Reputation: 3
I have a dataframe that consists of x rows and n columns. Each row represents a document and each column represents a category of tag associated with the document. The values in each cell are a 0 (meaning the tag isn't associated with the document) or a 1 (meaning the tag is associated with the document).
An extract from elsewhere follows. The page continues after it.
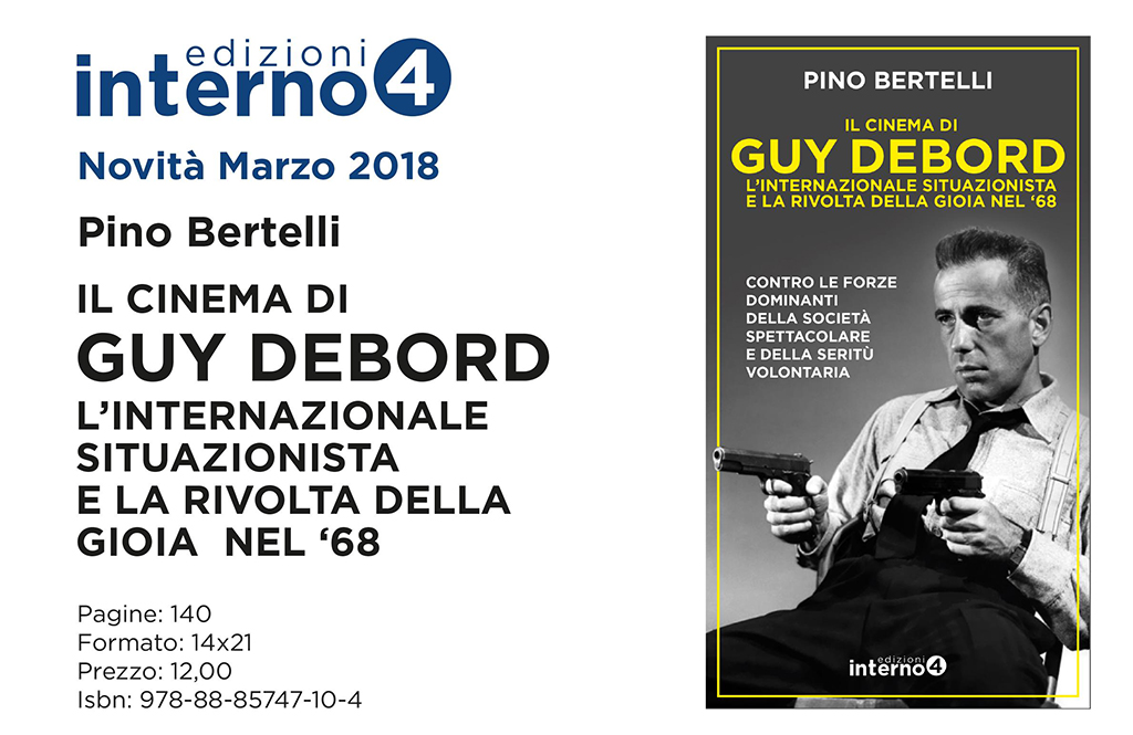 Il saggio di Pino Bertelli sul cinema sovversivo di Guy Debord, l’Internazionale Situazionista, la rivolta della gioia delle giovani generazioni nel Maggio ’68 e commentari sulla resistenza e insubordinazione al tempo del capitalismo parassitario è un pamphlet insolente, velenoso, anarchico che ripercorre cinquant’anni di storia (non solo italiana) fuori dalle dossologie sociologiche e dalle euforie politiche … è una requisitoria contro le forze dominanti della società spettacolare e della servitù volontaria che sostiene la perpetrazione di genocidi, terrorismi, colonizzazioni da parte dei governi forti, e permette ai ricchi di diventare più feroci e ricchi e ai poveri di essere più vessati e impoveriti.

My goal is to collapse this x * n dataframe into an n * n summed adjacency(?) matrix in order to visualize how often categories of tags hang together across all documents.
I apologize I am new to this type of analysis so I may not be using the correct terminology here...
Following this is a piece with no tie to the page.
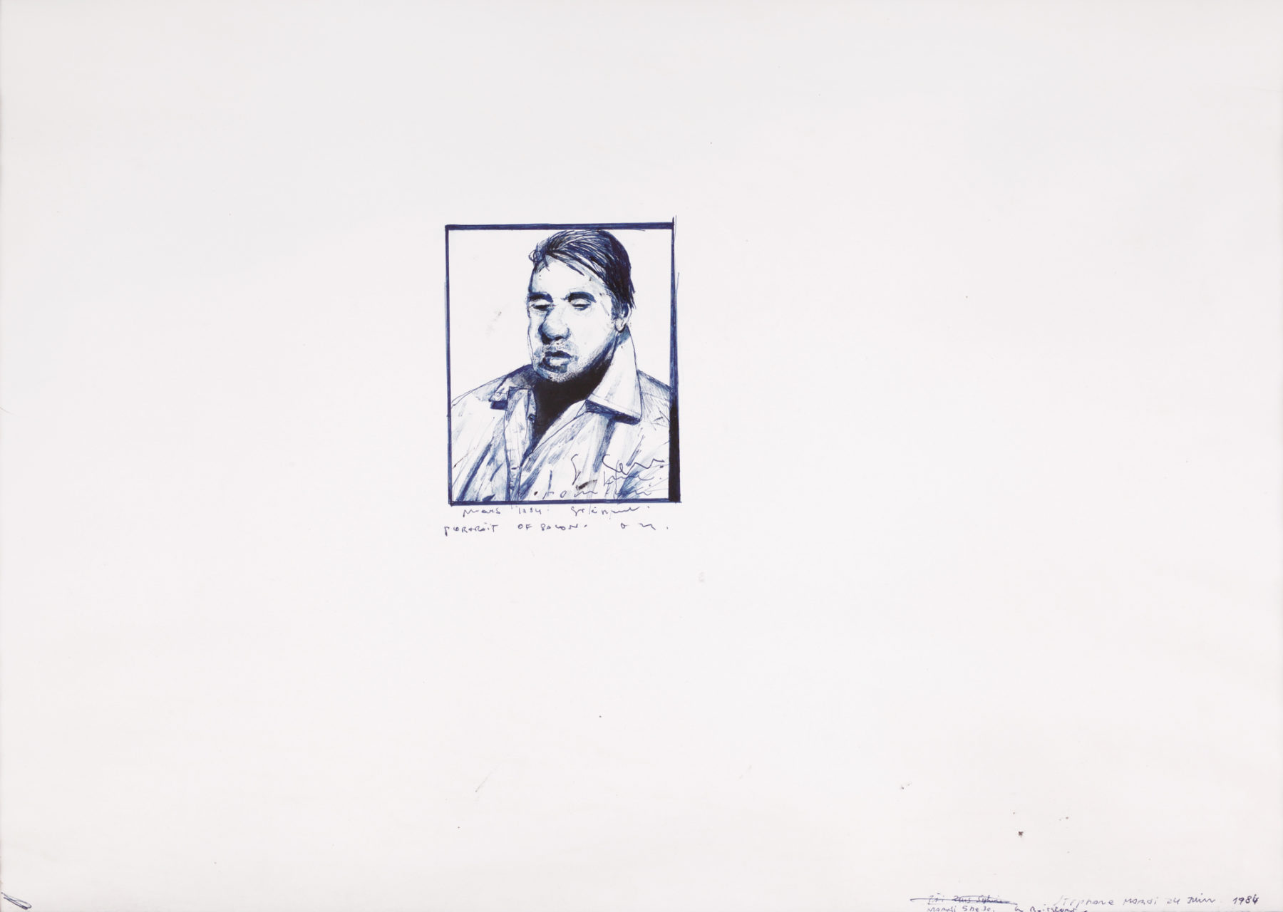 Stéphane Mandelbaum, Portrait of Bacon, 1980. Ballpoint pen on paper, 18 1/2 x 27 1/8 inches (47 x 69 cm). Museum für Moderne Kunst, Frankfurt am Main. Photo: Bertrand Michau © Stéphane Mandelbaum Estate

For example, I might currently have the following dataframe:
data_have <- data.frame(Docname=c('ABC1', 'ABC2', 'ABC3', 'ABC4', 'ABC5'),
Cat1 = c(0,0,1,0,1),
Cat2 = c(0,0,0,0,1),
Cat3 = c(1,0,1,0,0),
Cat4 = c(1,1,0,0,0),
Cat5 = c(0,1,1,1,1))
Docname Cat1 Cat2 Cat3 Cat4 Cat5
ABC1 0 0 1 1 0
ABC2 0 0 0 1 1
ABC3 1 0 1 0 1
ABC4 0 0 0 0 1
ABC5 1 1 0 0 1
Which I would like to transform into a new dataframe that looks like this:
data_want <- data.frame(Tag=c('Cat1', 'Cat2', 'Cat3', 'Cat4', 'Cat5'),
Cat1 = c(NA,1,1,0,2),
Cat2 = c(1,NA,0,0,0),
Cat3 = c(1,0,NA,1,1),
Cat4 = c(0,0,1,NA,1),
Cat5 = c(2,0,1,1,NA))
Tag Cat1 Cat2 Cat3 Cat4 Cat5
Cat1 NA 1 1 0 2
Cat2 1 NA 0 0 0
Cat3 1 0 NA 1 1
Cat4 0 0 1 NA 1
Cat5 2 0 1 1 NA
As you can see, this second matrix (data_want) shows the sum of instances in which each tag category occurred together within a document. In this instance, Category 1 occurred with category 5 twice across documents, for example.
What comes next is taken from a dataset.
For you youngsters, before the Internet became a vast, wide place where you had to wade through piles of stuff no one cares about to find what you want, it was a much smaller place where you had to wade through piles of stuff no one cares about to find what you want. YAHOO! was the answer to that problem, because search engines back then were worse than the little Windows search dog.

Ideally my ultimate goal is to be able to input the final matrix into a social network analysis visualization, so I can visualize how closely connected each tag category is to all other tag categories. But this matrix would be the first step to just look at where the clusters of pairings are most often occurring. Do you have any recommendations for R syntax that would accomplish this?
For context, my actual dataset has about 50 tag categories, so I definitely can't compute this by hand easily.
attempts
I tried squarematrix from the miscset package, which resulted in a list object rather than a matrix.
data_want1 = squarematrix(data_have)
Following another stackoverflow example, I also tried "tcrossprod" which didn't create the desired output
matrix_want <- as.matrix(data_have[-1])
resultMat <- tcrossprod(matrix_want)
diag(resultMat) <- 0
Resulting matrix (matrix_want):
V1 V2 V3 V4 V5
0 1 1 0 0
1 0 1 1 1
1 1 0 1 2
0 1 1 0 1
0 1 2 1 0
Honestly I am really stumped with how to accomplish this... I don't really even know where to begin and all of my google searches don't seem to point to the correct type of procedure. I'm sorry to not have more examples of what I tried to do here!
Thanks in advance!
Upvotes: 0
Views: 46
Reputation: 146070
This is matrix multiplication with the diagonals set to NA
:
m = as.matrix(data_have[-1])
result = t(m) %*% m
diag(result) = NA
result
# Cat1 Cat2 Cat3 Cat4 Cat5
# Cat1 NA 1 1 0 2
# Cat2 1 NA 0 0 1
# Cat3 1 0 NA 1 1
# Cat4 0 0 1 NA 1
# Cat5 2 1 1 1 NA
Upvotes: 2